Sync-o-Matic

Inspiration

Have you ever noticed how people record videos of events simultaneously, yet rarely share their unique perspectives with others? These videos capture different camera angles, including fun moments and close-to-the-action shots that others may have missed.

What if there was a way to transform these individual recordings into a shared experience?

With the proliferation of recording devices and applications, the need for efficient and effective content enhancement tools is more important than ever. Let's solve that.
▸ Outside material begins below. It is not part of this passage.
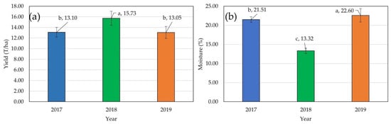 The average grain yield of all evaluated hybrids ranged from 13.05 t ha−1 in 2019, 13.10 t ha−1 in 2017, to 15.73 t ha−1 in 2018. The average grain moisture ranged from 13.32% in 2018, 21.51% in 2017, to 22.60% in 2019 (Figure 1).

Imagine harnessing the power of user-generated content as additional camera angles, allowing everyone to contribute and create a collective, immersive experience. Say hello to a new era of event sharing, where every perspective counts and unforgettable moments are brought to life through a collaborative lens.

What it does

The idea is to synchronize all those videos taken from the crowd and combine them to create new forms of video content like mashups, multiple angles of live performances, voice dubbing, etc.
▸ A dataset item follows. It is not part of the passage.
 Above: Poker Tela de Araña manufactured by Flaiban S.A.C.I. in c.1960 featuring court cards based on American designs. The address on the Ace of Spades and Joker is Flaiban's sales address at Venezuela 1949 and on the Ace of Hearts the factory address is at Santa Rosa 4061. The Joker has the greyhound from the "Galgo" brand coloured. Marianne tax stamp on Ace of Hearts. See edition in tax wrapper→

Specifically this could solve

Restoration: Sync-o-Matic could help restore degraded or damaged audiovisual content by aligning it with other instances of the same event.
Remixing: By aligning multiple instances of the same event, Sync-o-Matic allows for creative remixing of audiovisual content.
Remastering: Improve the quality of your content by aligning it with higher-quality instances of the same event.

How it works

Sports teams or stadiums could have a dedicated place for fans to upload their user-generated content (ie, https://gsw.sync-o-matic.com). Fans upload their videos and a video player appears of the recorded event with all the camera views available, synchronized by timecode. Fans can watch the video and change camera angles at anytime.

Another way is to use a video mashup of people singing a song at the stadium. A single video is created using Sync-o-Matic that time aligns all videos into a fun experience.
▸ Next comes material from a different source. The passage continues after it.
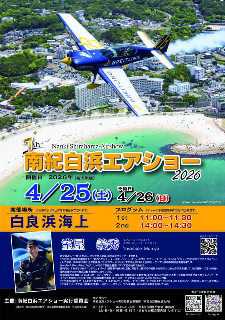 そして、南紀白浜エアショーが、室屋さんにとって、今年初のフライトパフォーマンスとなるということで、ビーチならではの開放感の中で、エンジン音や想像を超える飛行機の動きを含めた立体的なパフォーマンスを体感してほしいとしています。

See: https://drive.google.com/file/d/12x7LBKePowCg20NBpA1RdmFrruInS6rq/view?usp=drive_link

How we built it

Sync-o-Matic works aligning of multiple unsynchronized video via forced time alignment and classification algorithms. This exploits multiple time-based audio and video data that describe the same audiovisual event through fingerprinting and Fast Fourier Transform (FFT) or Sequential Monte Carlo (SMC) samplers.

Challenges we ran into

Mostly time constraint and testing. I came up with this idea last night and coded a rough prototype this morning that calculates time differences. It needs a front-end for video upload and processing. Currently, it's a local processor that takes video inputs and outputs time alignment data for reconstruction.

Accomplishments that we're proud of

Finding a fast way to calculate the cross-correlation between the two audio signals without processing the entire file. Processing files need to be efficient and avoid costly computation.

What we learned

Several strategies exist for forced alignment. I'm interested in training custom classifiers (Hidden Markov nodels) with Viterbi forced alignment. The alignment is explicitly aware of durations of musical notes or phase changes in audio. These strategies would improve the accuracy and robustness of the processor.